Fans of the original location will find its signature Spicy Tuna on Plancha Grilled Yucca at Crave Fishbar, along with a brand new, ever-changing menu of exciting seafood preparations. Appetizers showcase Mitgang’s deft approach to raw fish, such as Local Black Bass Sashimi, Local Fluke Crudo and King Salmon Sashimi with Avocado Puree, while entrees take inspiration from cuisines around the world, with dishes such as Olive Oil Poached Local Hake with Salsa Verde, Lardo and Watermelon and Lobster Curry with Thai Apple and Japanese Eggplant. A selection of pasta and meat dishes, such as Homemade Sheep’s Milk Cavatelli and Vinegar Fried Free Range Chicken Leg, round out the menu. Simple, comforting desserts such as a Warm Chocolate Chip Cookie with Vanilla Ice Cream and Flourless Chocolate Cake with Cashew Buttercream bring the meal to a sweet and memorable end.
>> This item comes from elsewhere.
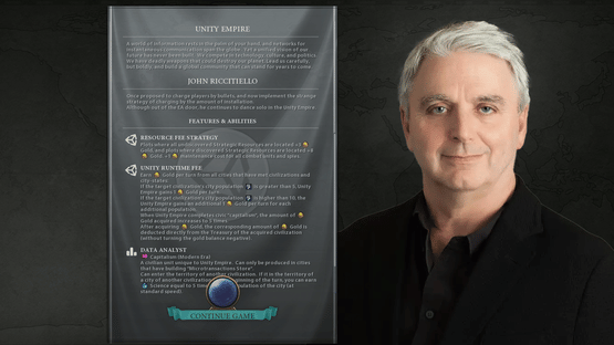 A parody mod that adds the Unity civilization with its Leader John Riccitello. Playing as him gives you: - Unique neighborhood district (Microtransactions Store) - Unique unit (Data Analyst) - Changes how great architects work for everyone on the match - Develops a unique system of obtaining gold via total number of civilizations met - And much more!

A 25-foot-long marble bar at the front of the restaurant is an inviting spot for dinner with friends or inventive cocktails, including The Captain Melon made with gin, watermelon, St. Germain and kaffir lime, and The Conquistador Negroni, a take on the classic drink made with rum, sherry and aperol. The wine list provides playful sensory descriptions for each bottle and glass, inspiring new and unexpected pairings with Mitgang’s distinctive menu.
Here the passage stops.